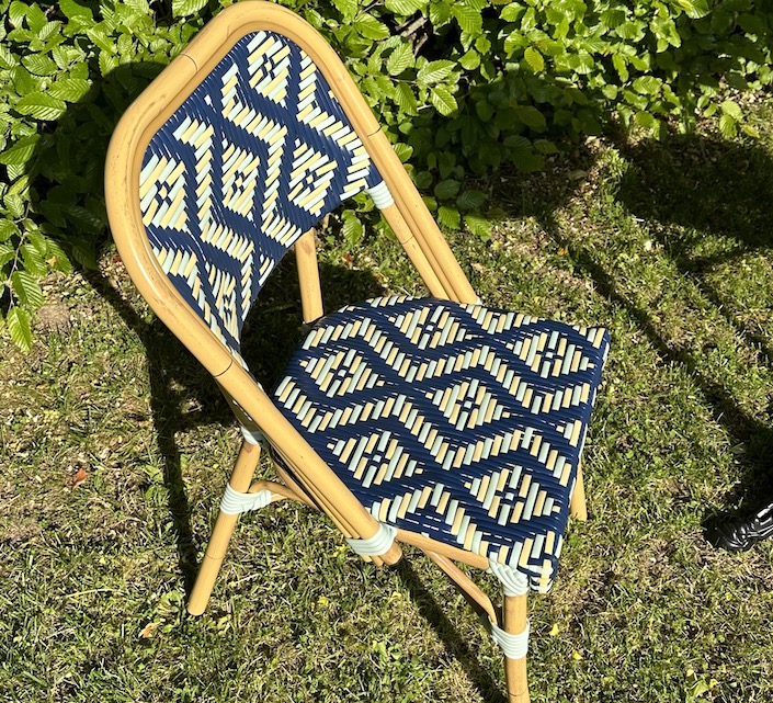 Une chaise bistrot aluminium parisienne bleue et verte anis très confortable. A la fois vintage et complétement tendance, cette chaise de bistrot tressée est la star incontournable de votre terrasse cet été. Souple, le cannage tressé main vous procurera un incroyable confort. Ses matériaux sont remarquables pour leur solidité et légèreté. Excellente résistance aux agressions climatiques : idéal pour le bord de mer. Cette chaise bistrot rotin conçue pour une utilisation extérieure peut aussi convenir en intérieur.
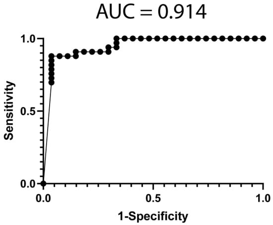 Interestingly, although RPE atrophy was higher in the group with a poorer response, as it is seen regularly in the clinic [,,], it did not show discriminatory power between groups (AUC = 0.64, p = 0.0544) in the present study.
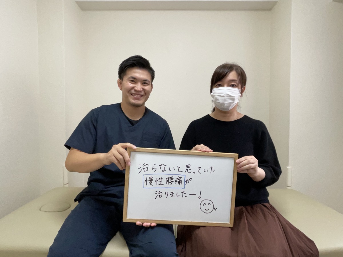 初回の施術で少し変化を実感していただき、そこから繰り返し施術と当院独自のセルフケアを実践していただいた結果、今では慢性的な腰痛も無くなり、足の痺れもほぼ出現することが無くなりました。
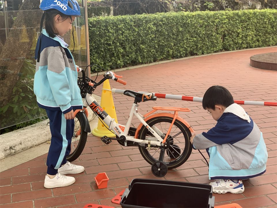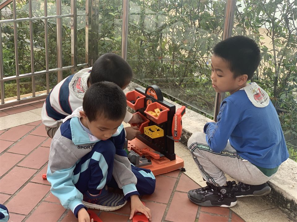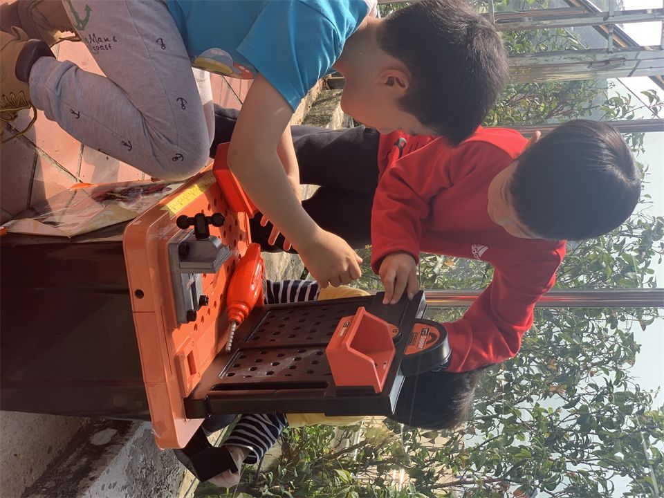 于是有有、鲤渊、赫予等小伙伴找来了修车工具就开始营业啦,有的负责给车子打气、有的负责检修车辆,有的负责找工具,修车店的生意也络绎不绝,逸凡负责起门口车辆的排队顺序,一切井然有序。

+ + + +

Beginning with the line that holds "初回の施術で少し変化を実感し", extract every line to the end of the material, exactly as it stands, and drop the pictures.

**Answer to this problem:**
 初回の施術で少し変化を実感していただき、そこから繰り返し施術と当院独自のセルフケアを実践していただいた結果、今では慢性的な腰痛も無くなり、足の痺れもほぼ出現することが無くなりました。
 于是有有、鲤渊、赫予等小伙伴找来了修车工具就开始营业啦,有的负责给车子打气、有的负责检修车辆,有的负责找工具,修车店的生意也络绎不绝,逸凡负责起门口车辆的排队顺序,一切井然有序。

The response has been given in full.